P.Jaime Melchor Valdez
La historia de la Iglesia ha atestiguado distintos momentos de prueba de fe, donde parece que todo se termina, y que irremediablemente se ha de optar por la resignación. Por ejemplo, en los siglos en los que la ciencia ha querido suplantar el conocimiento de la revelación (contenida en la Biblia, la Tradición y el Magisterio). Otras tantas, y quizá las más difíciles, con las ideologías fruto del pensamiento moderno y post moderno que ponen al hombre como centro para poder enarbolar su libre albedrío en calidad de absoluto, y con las nefastas consecuencias al respecto.
En esta época, nuestros días, se ve mayormente una sociedad secularista, pansexualista, individualista y con gran tendencia a la carencia de sentido. Por otra parte, un virus parece dejarnos paralizados. Surgen muchas preguntas acerca de la realidad humana, nuevamente puesta en jaque y replanteando las líneas de sus prioridades. Aquí es donde también la Iglesia, con la luz que Cristo le ha otorgado, y confiado en Él , nos convoca a orar en torno a una Madre que vivió etapas de su vida en claroscuros, pero manteniendo una actitud de acogida a las promesas divinas, sin detenerse a mirar los acontecimientos fríamente y sin sentido. Sin dejar de contemplar el momento de su propia historia, se convierte, sin tener otro título que la “Llena de gracia”, en la primera teóloga de la historia, que sabe leer e interpretar los movimientos que el tiempo y el espacio dan, sin olvidar que quien derriba a los poderosos de sus tronos es fiel a su pueblo.

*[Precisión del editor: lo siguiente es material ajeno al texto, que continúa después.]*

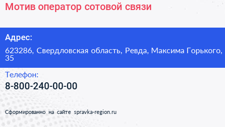 Мотив, оператор сотовой связи по адресу 623286, Свердловская область, Ревда, Максима Горького, 35 в дальнейшем Организация, размещена в следующих категориях:
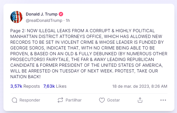 “AGORA VAZAMENTOS ILEGAIS DE UM CORRUPTO E ALTAMENTE POLÍTICO ESCRITÓRIO DE PROCURADORES DO DISTRITO DE MANHATTAN, QUE PERMITIU QUE NOVOS RECORDES SEJAM ESTABELECIDOS EM CRIMES VIOLENTOS E CUJO LÍDER É FINANCIADO POR GEORGE SOROS, INDICAM QUE, SEM CRIME PODER SER COMPROVADO, E COM BASE EM UM VELHO E TOTALMENTE DESMORALIZADO (POR VÁRIOS OUTROS PROMOTORES!) CONTO DE FADAS, O LÍDER CANDIDATO REPUBLICANO E EX-PRESIDENTE DOS ESTADOS UNIDOS DA AMÉRICA, SERÁ PRESO NA TERÇA-FEIRA DA PRÓXIMA SEMANA. PROTESTE, TOME NOSSA NAÇÃO DE VOLTA!”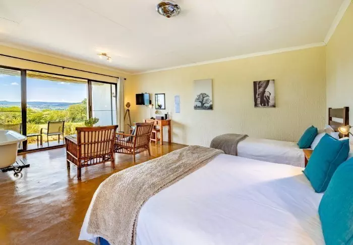 Het door de lodge geboden panorama over de savanne en de Krokodillen-rivier maakt dat u zich één met de natuur en de wilde dieren voelt. De lodge heeft 4 sterren en biedt volop mogelijkheid voor ontspanning, bijvoorbeeld door het genieten van de spa, massage, zwemmen en het fantastische uitzicht.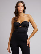 Get ready to slay in the Holly Body Suit. This black, strapless bodysuit features a unique cut out detail, adding a touch of edginess to your look. With a brief style bottom, this suit will hug your curves and give you a flawless silhouette. Time to turn heads, babe!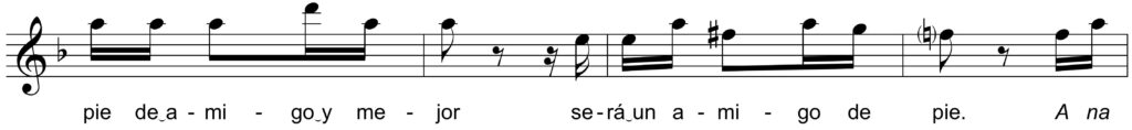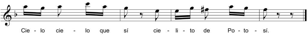 Creo que el acompañamiento del cielito, ya sea bajo la fórmula de arpegios o de vals, pudo haber sido el factor determinante en el proceso de identificación del cielito como ‘cielito’ por sus cultores, por lo menos en la primera mitad del siglo XIX. Mucho más determinante, de por sí, que el esquema melódico-rítmico tradicional con que se entonaban las coplas durante el baile. (El hecho de que Cordero describa la música del cielito ateniéndose exclusivamente a los acordes de su acompañamiento, tal como hemos visto, parece ir en apoyo de esta hipótesis).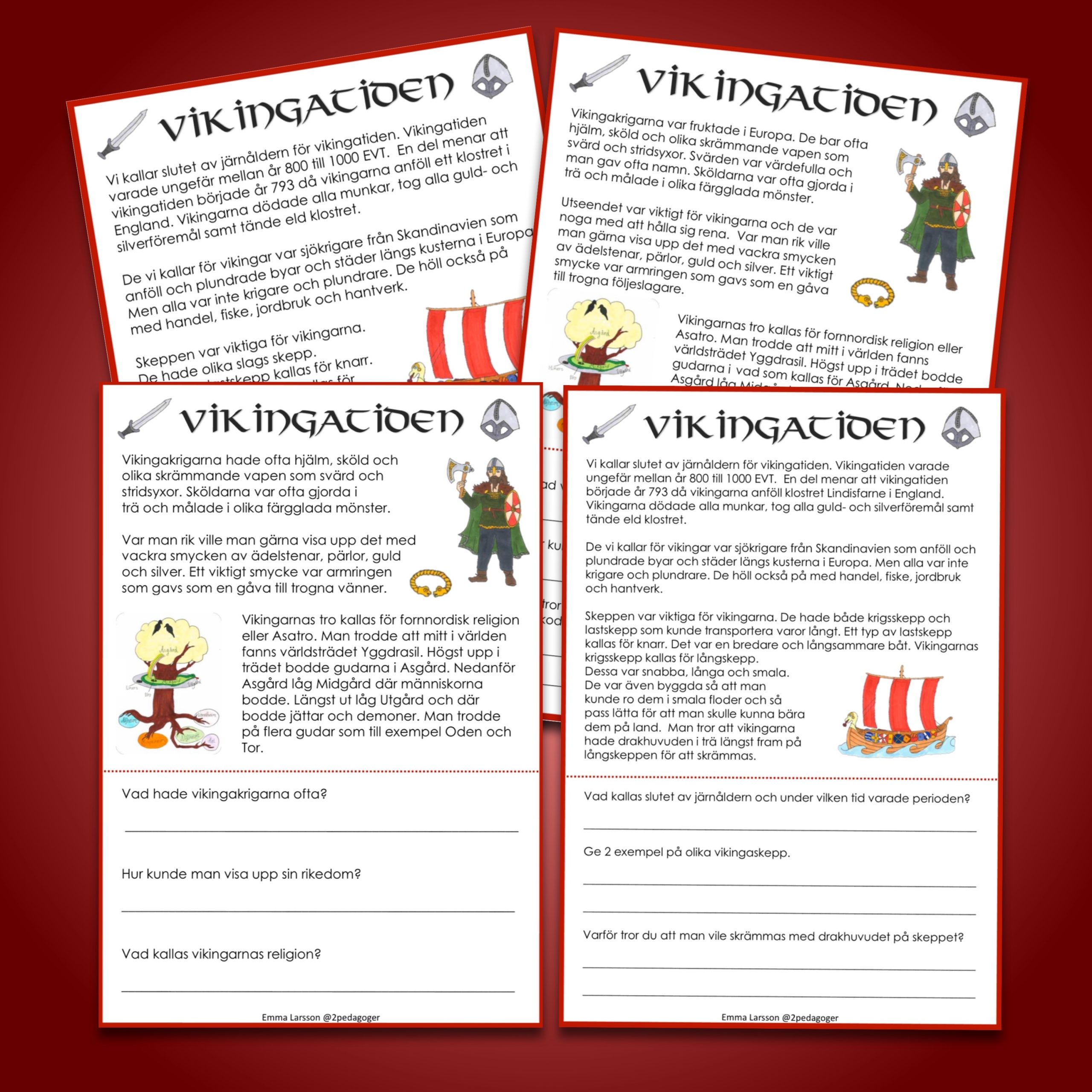 En läsförståelse på 2 sidor i 2 olika svårighetsgrader om vikingatiden!

Efectivamente, María, la Madre del Señor, camina con fe para conquistar, junto a José, sendas que posteriormente la Iglesia misma habría de recorrer. Esta madurez de fe de mujer, esposa y madre, hacen de María la verdadera creyente. Ella sabe dar una respuesta clara a las ideologías que han enmarañado la vocación de la mujer actual, debilitando su capacidad de corresponder generosamente al proyecto original de Dios.
María, en completa disposición a la voluntad divina, con fidelidad hasta la entrega de su Hijo, al pie de la Cruz, sostiene la fe de las mujeres y madres de todos los tiempos, pues a ella se le confiaron los hijos de la Iglesia. “Ahí tienes a tu madre”(Jn 19,27): Estas palabras del Señor al discípulo harán eco en el caminar de la Iglesia, porque de la misma manera resonaron en el Corazón Inmaculado de María, pues antes se le dijo también: “Ahí tienes a tu hijo (Jn 19,26). ¡Si entendiéramos el significado profundo de estas palabras dichas en el momento en que el Señor mostraba su amor hasta el extremo! Él, antes de abandonarse en los brazos del Padre celestial, en la Cruz, ya se había encarnado en María, había recibido su sangre y su amor maternal en sus brazos, en su regazo, alimentado con ternura y fue educado con fidelidad a la voluntad de Dios.
Concluyo pues, que no estamos huérfanos…hay una gran Madre que con amor, ternura y compasión nos llama a acogernos en su regazo y en pliegue de su manto diciendo: “¿No estoy yo aquí que soy tu madre?”.